横方向への移動は、SMB、PsExec、RDP接続を使用して行われ、多くの場合、最初の足場を経由してプロキシされる。
malware 、機密ファイルやディレクトリをスキャンし、攻撃者のサーバーに流出させる。
ランサムウェアはCobalt Strike のようなツールを使ってメモリ内で実行され、ファイルを暗号化してシステムを使用不能にする。
データは、Cobalt Strikeのビーコン機能または安全なチャネルを介したカスタムスクリプトを使用して流出する。

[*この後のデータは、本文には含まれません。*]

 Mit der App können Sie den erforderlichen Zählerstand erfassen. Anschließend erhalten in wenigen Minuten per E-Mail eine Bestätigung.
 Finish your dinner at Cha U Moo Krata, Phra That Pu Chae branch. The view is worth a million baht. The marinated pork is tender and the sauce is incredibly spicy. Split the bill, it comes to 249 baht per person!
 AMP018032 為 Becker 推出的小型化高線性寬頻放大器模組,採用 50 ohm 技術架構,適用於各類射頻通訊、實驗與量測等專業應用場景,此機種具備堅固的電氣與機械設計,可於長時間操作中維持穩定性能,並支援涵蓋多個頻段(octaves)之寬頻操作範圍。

Contiは重要なファイルを暗号化し、身代金要求のメモを残す。
コンティ・ランサムウェアが使用するTTP
Vectra AIを使ったコンチのようなランサムウェアの脅威検知 方法
何千もの企業組織が、ランサムノートに襲われる前に攻撃を発見し、阻止するために、強力なAI主導 。
よくあるご質問(FAQ)
コンティ・ランサムウェアとは?
Contiランサムウェアは、2019年にサイバー攻撃シーンに登場したランサムウェア・アズ・ア・サービスの作戦である。データを暗号化し、他のシステムに拡散するスピードが速いため、非常に被害が大きいランサムウェアだ。
コンティ・ランサムウェアの背後には誰がいるのか?
Contiは、2019年に悪名高いロシアのランサムウェア集団Wizard Spiderによって開発され、その後、ランサムウェア・アズ・ア・サービス(RaaS)として多数の脅威アクターによって利用された。
Contiランサムウェアはどのように機能するのか?
Contiランサムウェアは、スピア攻撃(phishing)やRDP攻撃など、さまざまな方法で配信されます。標的のシステム内に侵入すると、データの暗号化と流出の両方を使用して二重の恐喝を行います。攻撃者は、復号化と盗まれたデータの公開を回避するための両方の支払いを要求することができます。

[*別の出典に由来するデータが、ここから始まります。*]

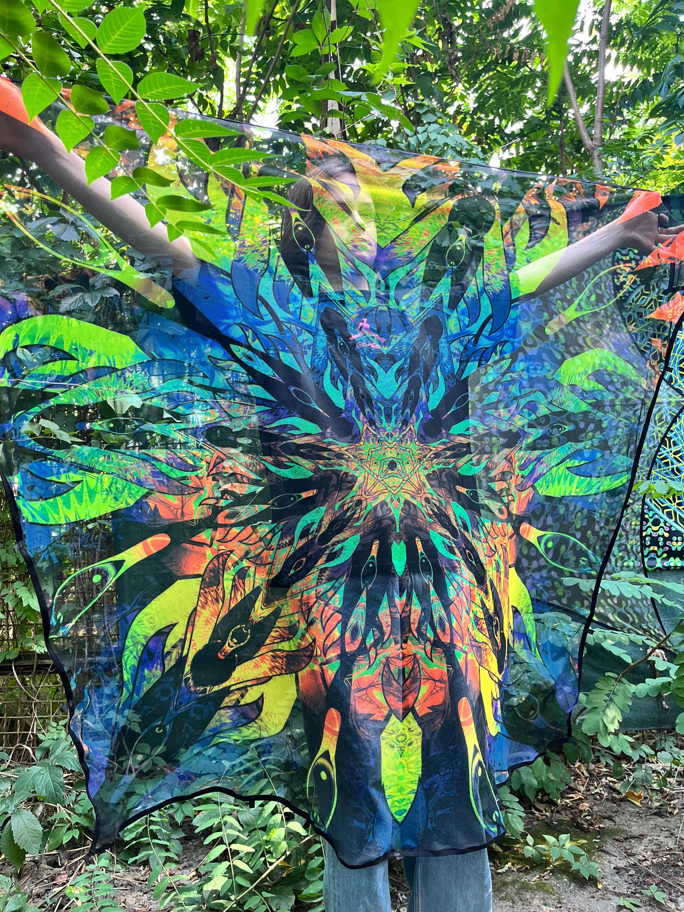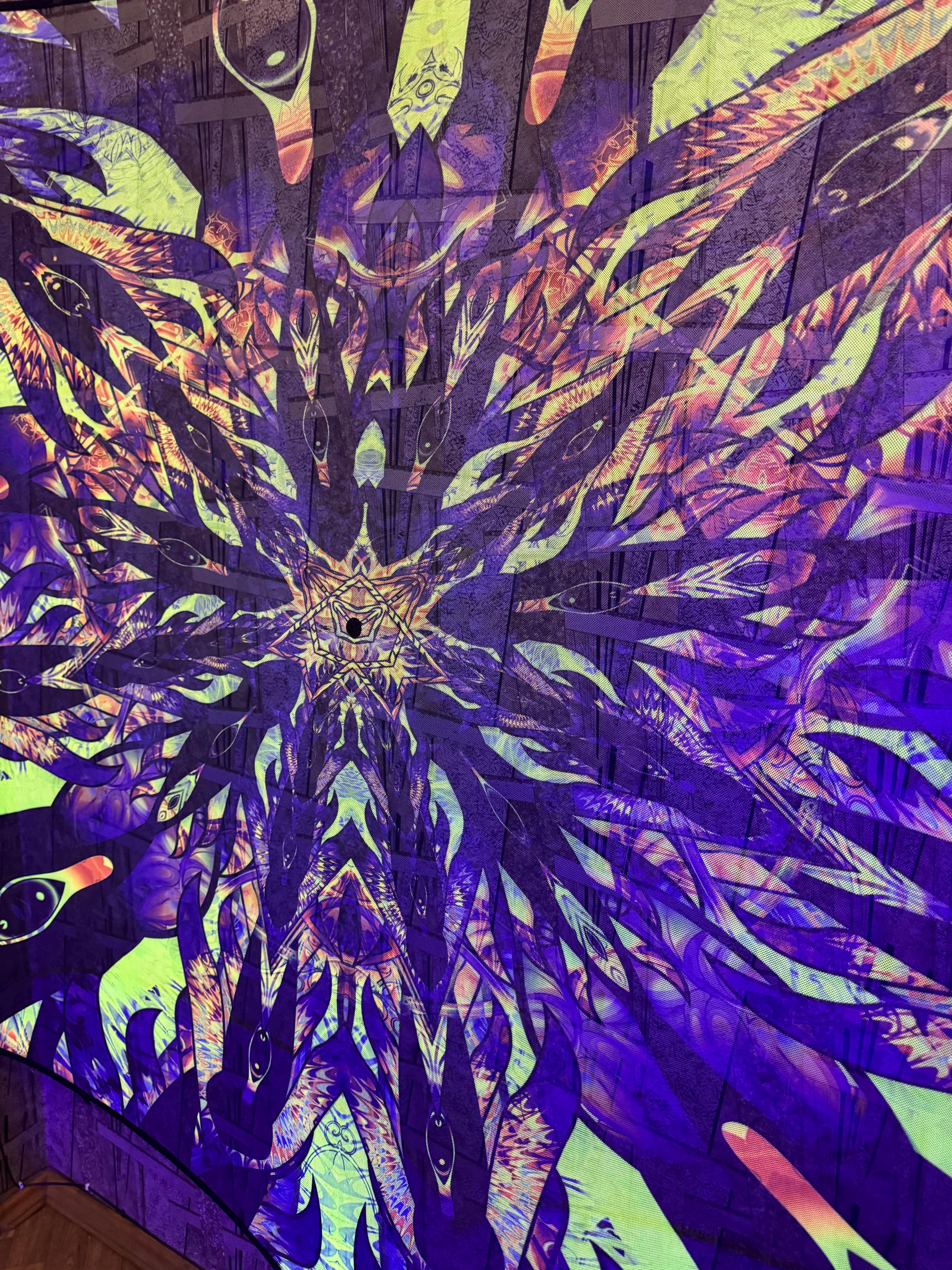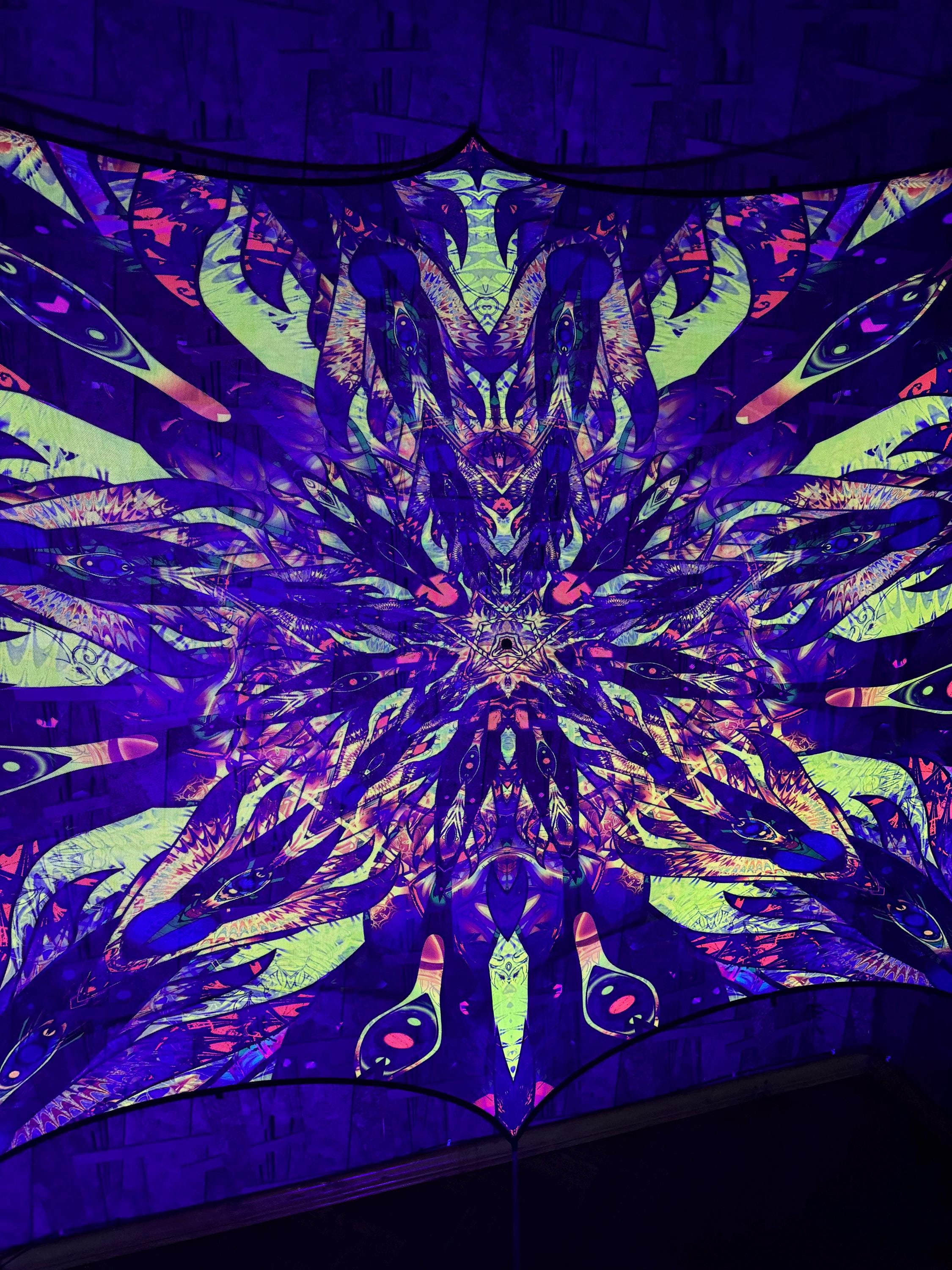1 Layer Blacklight UV Tapestry: Installations with 3D Mesh Fabric Trippy Print Decor for Aesthetic Psychedelic Shade Rainbow Artwork

コンティ社のランサムウェア攻撃はどの業界を標的にしているのか?
Contiは、政府機関やヘルスケア、製造業などの大企業の重要なインフラやシステムを標的にしていることで知られている。
Contiランサムウェア攻撃の標的となる国は?
Contiランサムウェアの被害者の多くはカナダと米国にいるが、目立った攻撃は英国でも発生している。
コンティ・ランサムウェアの影響を受けた組織はどれくらいあるのか?
350以上の機関や組織がコンティ・ランサムウェアの餌食となり、合計で数億ドルの身代金を支払った。
Contiランサムウェア攻撃の影響とは?
Contiランサムウェアの被害者は、復号化キーを手に入れるだけでなく、盗まれた機密データの公開を避けるために数百万ドルを支払わなければならなかった。
検知 組織はどのようにしてコンティ・ランサムウェア攻撃を阻止することができるのか?
多要素認証や従業員のサイバーセキュリティトレーニングなどの予防策に加えて、組織はAI主導の検知によってランサムウェア攻撃を早期に発見し、阻止することができます。
Contiランサムウェアはどのように拡散するのか?
ContiのようなRaaS攻撃は、malware 、システムに侵入し、ファイルを盗み、ファイルサーバーを暗号化し、復号化キーと盗まれたデータの公開を防ぐための身代金の支払いを要求する。
コンティ・ランサムウェア攻撃を防ぐ最善の方法とは?
Contiのようなランサムウェアを防ぐ最善の方法は、AI主導 、攻撃を進行の初期段階でキャッチすることだ。